A Multiresolution Analysis (MRA) of L2(R) is a nested family of subspaces,
... ⊆ V-1 ⊆ V0 ⊆ V1 ⊆ V2 ⊆ ...
such that
i) If f(x) is in Vn then f(2x) is in Vn+1,
ii) V0 contains integer translations of its elements, (i.e. if f(x) is in V0, then so are f(x-k) for any integer k.)
iii) There is a function φ(x) in V0, called the scaling function, which "generates" the space V0 - in the sense that, any function in V0 can be expressed as a linear combination of the functions {φ(2x-k)} (for integer k).
iv) The intersection of the spaces {Vi} is equal to {0}.
v) The union of the spaces {Vi} is dense in L2(R).

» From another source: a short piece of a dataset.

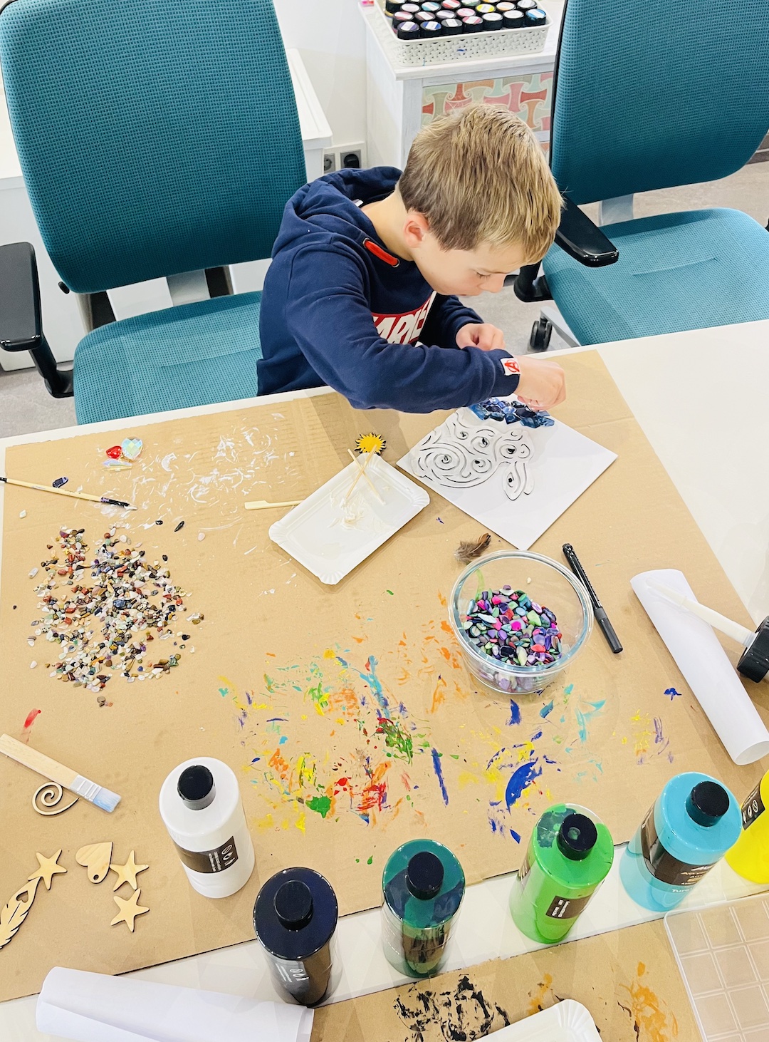 Perlmutt, Muscheln, Edelsteine, Federn, Holz und kleine glänzende Elemente – alles, was du brauchst, um dein Krafttier individuell zu gestalten.
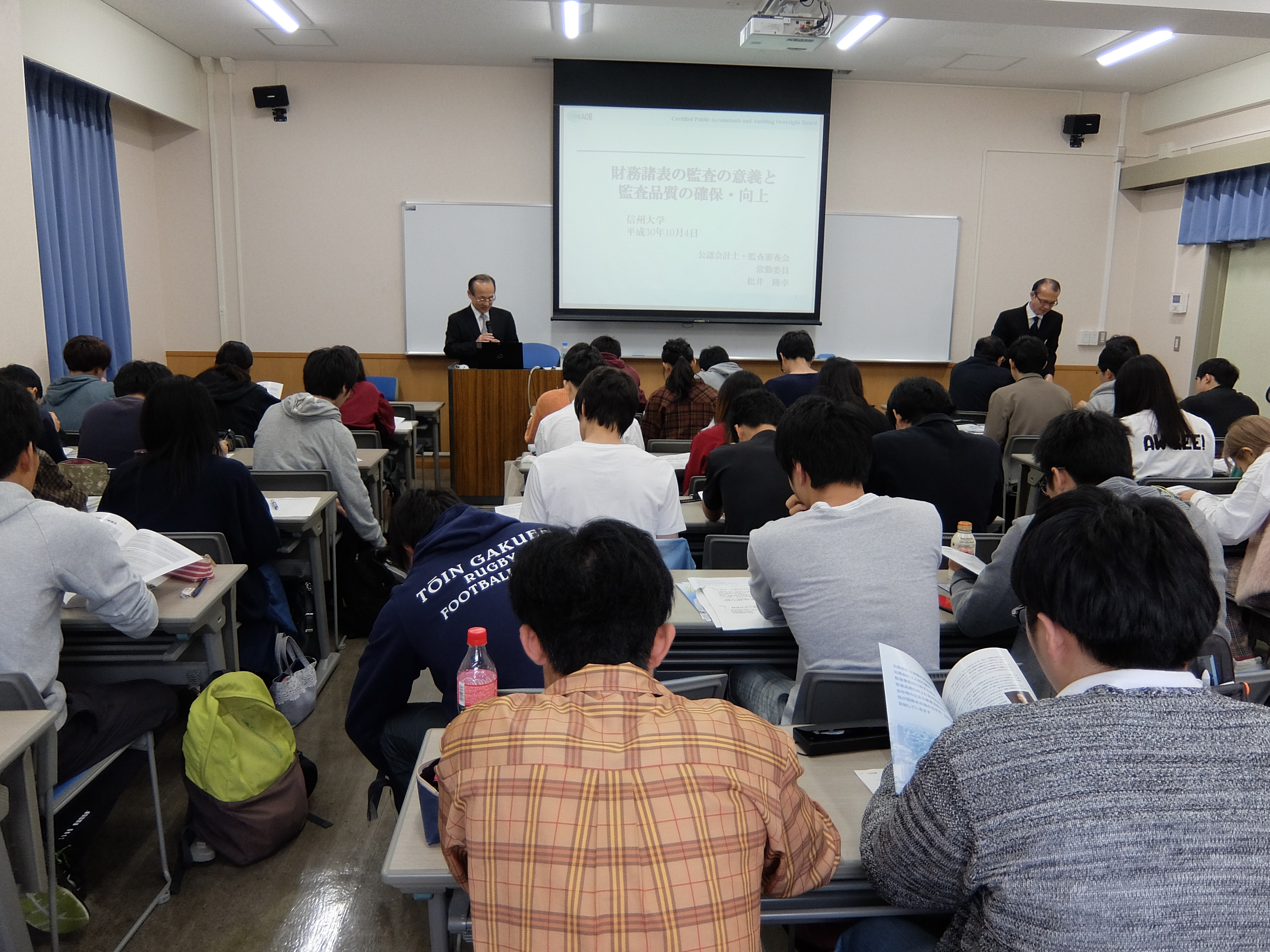 トップページ その他の情報 講演・寄稿等 平成30年の講演会等 講演等 信州大学講演 平成30年10月4日、信州大学経法学部において、松井委員が「財務諸表の監査の意義と監査品質の確保・向上」をテーマとして講演を行い、多数の学生の皆さまに御出席いただきました。 【講演資料】(PDF:482KB) サイトマップ 公認会計士・監査審査会ページ一覧を開きます 審査会について パンフレット 年次報告 審査会の開催状況 品質管理レビューの審査・検査ページ一覧を開きます 基本方針・基本計画等 検査結果等の取りまとめ 勧告 公認会計士試験ページ一覧を開きます 試験実施情報 令和8年試験について 令和7年試験について 過去の試験結果等 試験のバランス調整について 公認会計士試験Q&A 申請書様式等 公認会計士試験合格者等の方へ 公共サービス改革基本方針に基づく民間競争入札 その他の情報ページ一覧を開きます 国際関係 講演・寄稿等 パブリックコメント 公認会計士・監査審査会発足以前の情報 リンク集 採用情報ページ一覧を開きます 採用情報 審査検査課長からのメッセージ(PDF) 検査官からのメッセージ(1)(PDF) 検査官からのメッセージ(2)(PDF) Q&A(PDF) 情報公開等ページ一覧を開きます 情報公開 個人情報保護 ページの先頭に戻る

Because of (i) and (ii), as you go higher up in the spaces Vn, you will capture "finer detail".
As a consequence of (iii), φ itself can be expressed as a linear combination of compressed translations. i.e. φ(x) = Σk sk φ(2x-k) for some real (or complex) coefficients {sk}. These are called the scaling coefficients. A function satisfying such an identity is often called self similar. The equation is similar to, but not quite, a finite difference equation.
If the scaling function φ is orthogonal, meaning that the L2 inner product <φ(x-k), φ(x-j)> = ∫ φ(x-k) φ(x-j) dx = δjk , this is sometimes called an orthogonal MRA. If the scaling function is compactly supported, there will be finitely many non-zero scaling coefficients, and vice versa. Often times the scaling function will be continuous, or of finite support, or twice differentiable, in order to grant the MRA nice features.
In this orthogonal case, one could define the wavelet space Wn as the orthogonal complement of Vn within Vn+1. A wavelet is formed (as a linear combination of the {φ(2x-k)}) by using the wavelet coefficients, and these are defined by reversing the order of the scaling coefficients and alternating the sign on each coefficient. (wk = (-1)k s1-k). This wavelet, being an element of W0, will be orthogonal (in the L2 sense) to all of V0, as it is orthogonal to the scaling function φ(x) which generates V0.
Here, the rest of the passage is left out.